Optimal Sequential Decision Making Under Partial Observability Using Deep Reinforcement Learning
ID# 2021-5355Technology Summary
The disclosed technology presents a system and method described for optimal sequential decision-making for large engineering systems/networks with multiple components under uncertain and partially observed environments using multi-agent deep reinforcement learning architecture. The technology uses a partially observable Markov decision process with a confluence of state-of-the-art AI methodology, named Deep Decentralized Multi-Agent Actor-Critic (DDMAC) with Centralized Training and Decentralized Execution (CTDE), that can incorporate operation-related various resource, performance, and risk-related constraints.

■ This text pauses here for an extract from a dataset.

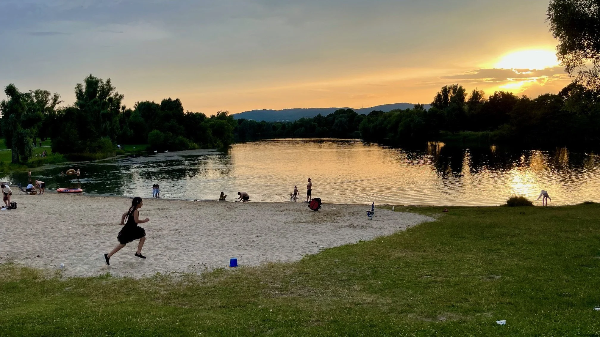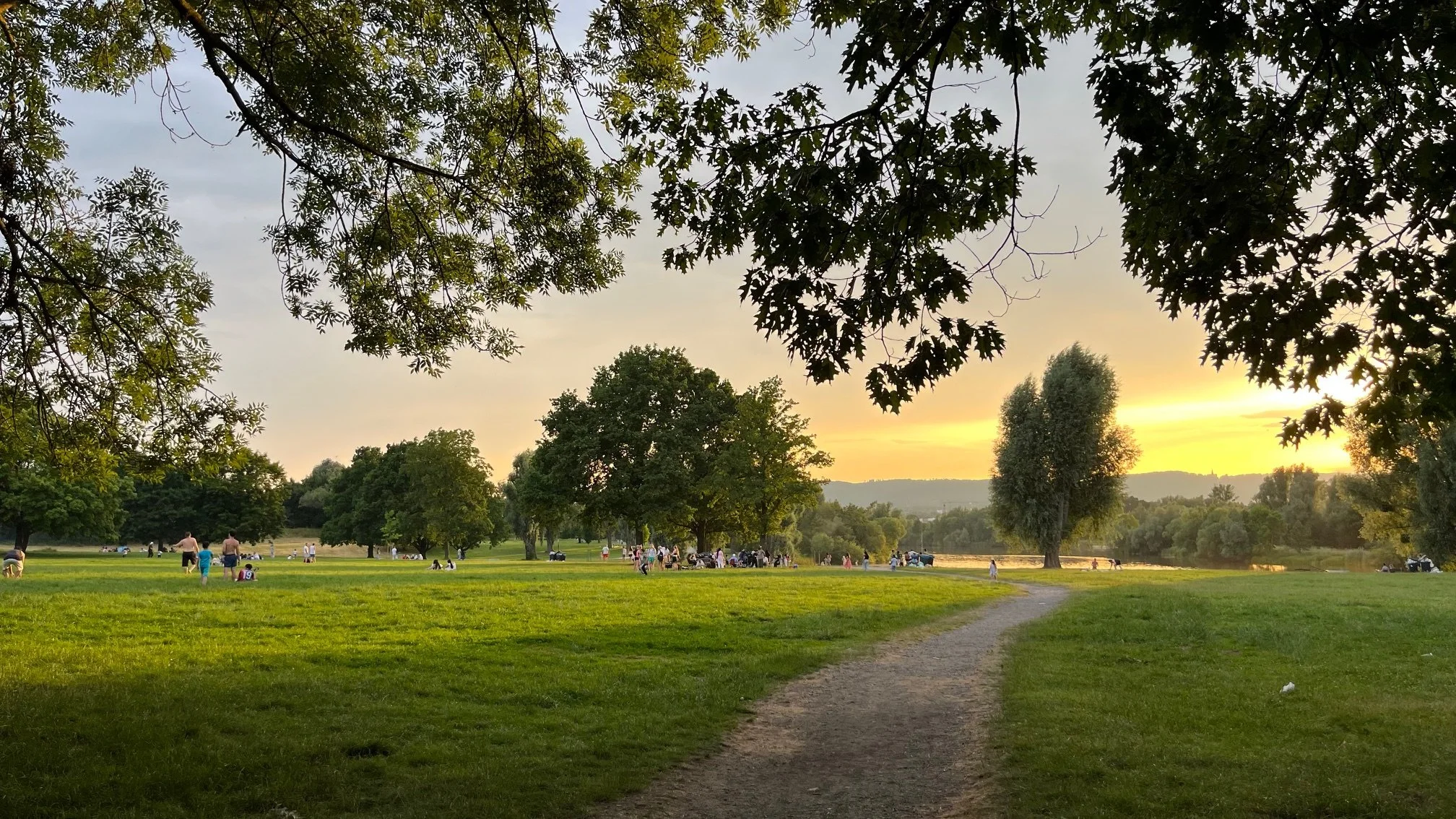 Přespíme na parkovišti u rekreační oblasti podél řeky Fuldy. Když tam dorazíme, je ještě stále hodně teplo. Park je plný přistěhovaleckých rodin, které si donesli židličky a sedí v menších či větších skupinách a baví se. Grilují, povídají si, děti si hrají na trávě kolem. Se západem slunce se oblast vylidní, v parku zbydou jen přeplněné popelnice a žhavý popel v betonových skružích.

Application & Market Utility
The current solutions for managing large infrastructure systems are based on heuristics and usually suffer from inefficiencies arising from complex systems. To address these issues, a comprehensive artificial intelligence framework was created that allows for adaptive evaluation in the presence of noisy real-time or ambiguous data. This technology was tested on an existing transportation network in Virginia, where results show a total of 45% cost savings in managing the network and an improvement of 20% over heuristically optimized condition-based policy. This technology has the potential to save up to billions of dollars upon implementation in the energy, aerospace, and automotive industries.
Next Steps
The research team is continually testing the technology and seeking licensing opportunities.